Install the dependencies by:
pip install -r requirements.txt
Download the dataset from:
https://github.com/switchablenorms/DeepFashion2
Before using those data you need to convert the labels in a format which can seamless enter into a semantic segmentation algorithm. In this case we use .png images, where the value of each pixel is the cloth class (so from 1 to 13), but other choices are possible. The background class has value 0.
You need to create a script to convert the polygons in DeepFashion2 labels into a proper format for the algorithm, or you can download the labels from:
https://drive.google.com/drive/folders/1O8KLZa1AABlLS6DlkkzHOgPqvT89GB_9?usp=sharing
This folder contains also the train/val/test split json in case you want to use the same split I used.
All the parameters of the model are in configs/config.yml.
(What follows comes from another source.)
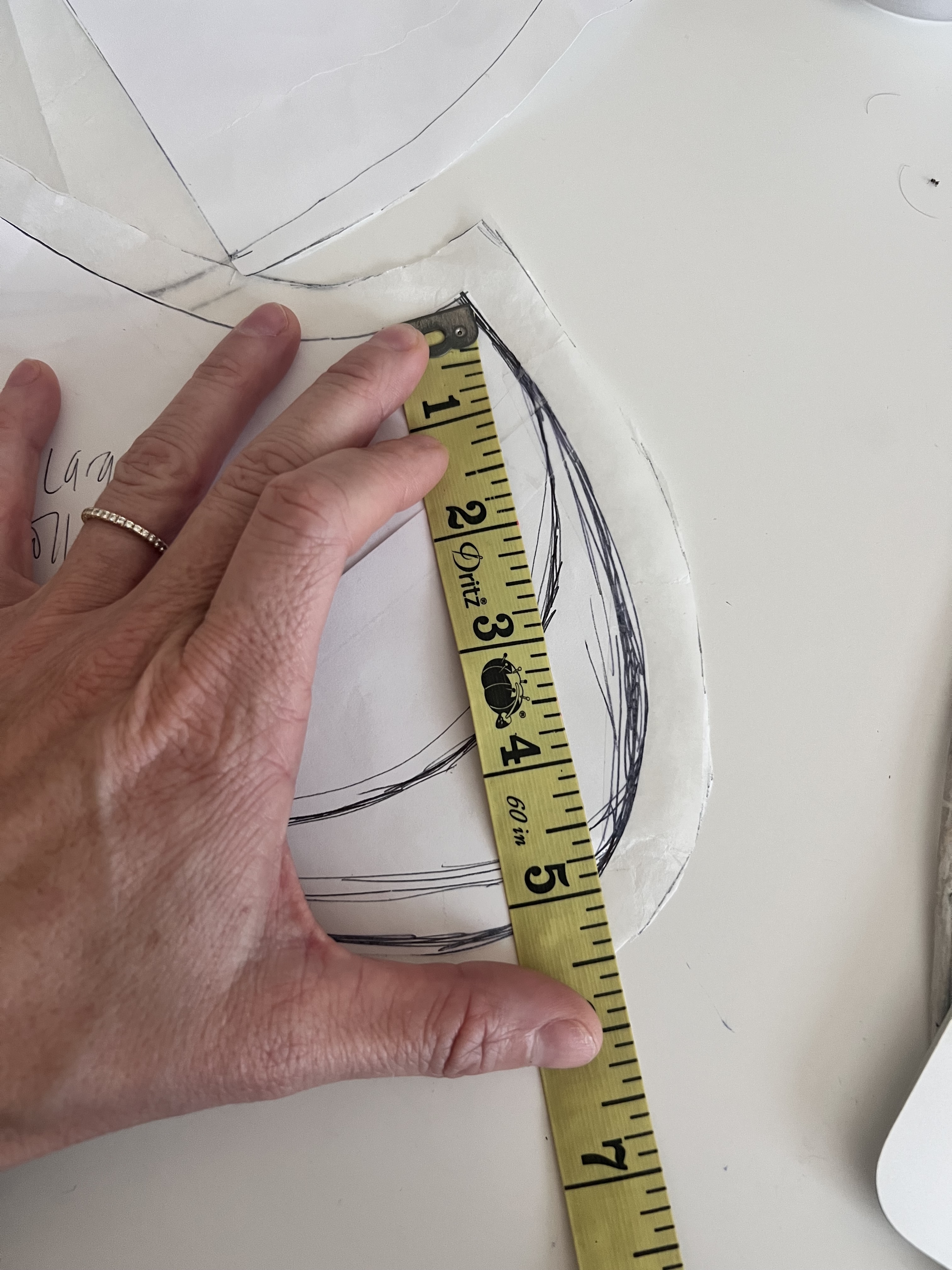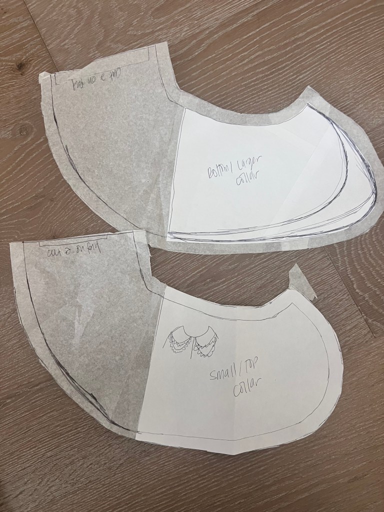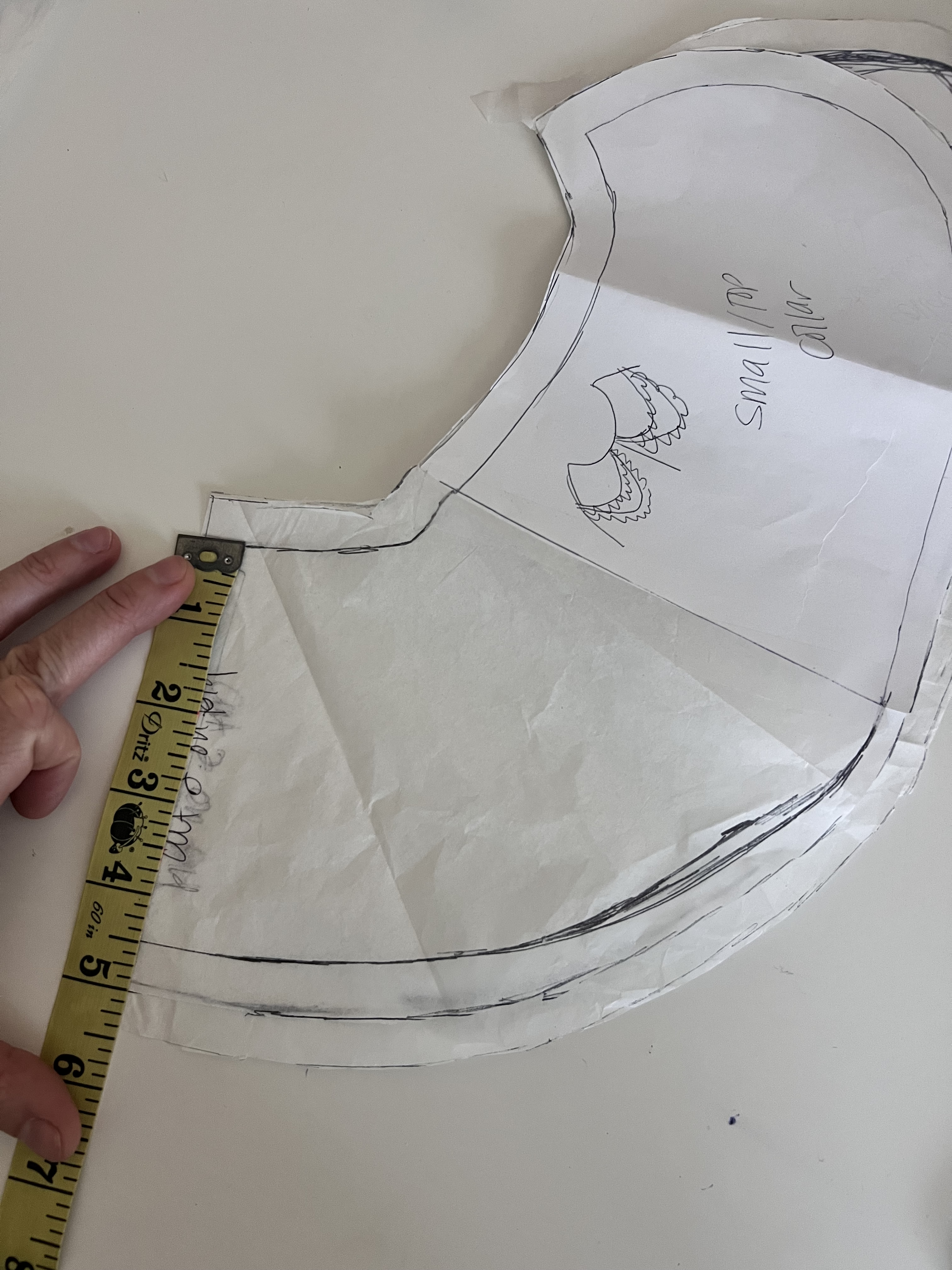 Next, I hand drew my collar design, making two collars. My top collar measured 4 1/2″ along the back fold line, and my bottom collar measured 5″. I wanted my bottom collar to have a slightly different shape from the top collar. I will share a photo below with a measuring tape to show the difference in shape. Then, make sure to add the seam allowance all the way around except for the fold edge, I added 1/2″ seam allowance. I traced the top collar onto the bottom collar pattern piece to get a visual of what the finished collars would look like on top of each other.

The trained weights can be found here:
https://drive.google.com/drive/folders/1O8KLZa1AABlLS6DlkkzHOgPqvT89GB_9?usp=sharing
The model can be trained with different backbones (resnet, xception, drn, mobilenet). The weights on the Drive has been trained with the ResNet backbone, so if you want to use another backbone you need to train from scratch (although the backbone weights are always pre-trained on ImageNet).
To train a model run:
python main.py -c configs/config.yml --train
You can set "weights_initialization" to "true" in config.yml, in order to restore the training after an interruption.
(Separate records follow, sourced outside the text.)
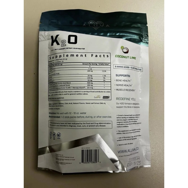 Aluva K2O Electrolytes 15 count Coconut Lime EXP 11/25 NEW and Sealed
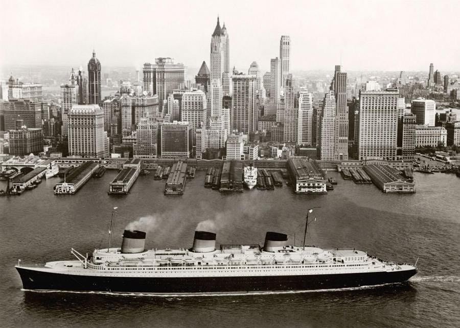 The Normandie in New York, 1935-39. (Collection French Lines) via V&A Museum
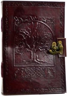 Hand tooled blank leather journal with an embossed Tree of Life and Celtic knot work on both covers. Border embossing may vary. Sizes vary slightly. Leather, handmade paper. 280 pages, latch closure. 7

During training the best and last snapshots can be stored if you set those options in "training" in config.yml.
To predict on the full test set run and get the metrics do:
python main.py -c configs/config.yml --predict_on_test
In "./test_images/" there are some images that can be used for testing the model. To predict on a single image you can run:
python main.py -c configs/config.yml --predict --filename test_images/068834.jpg
You can also check the "inference.ipynb" notebook for visual assessing the predictions.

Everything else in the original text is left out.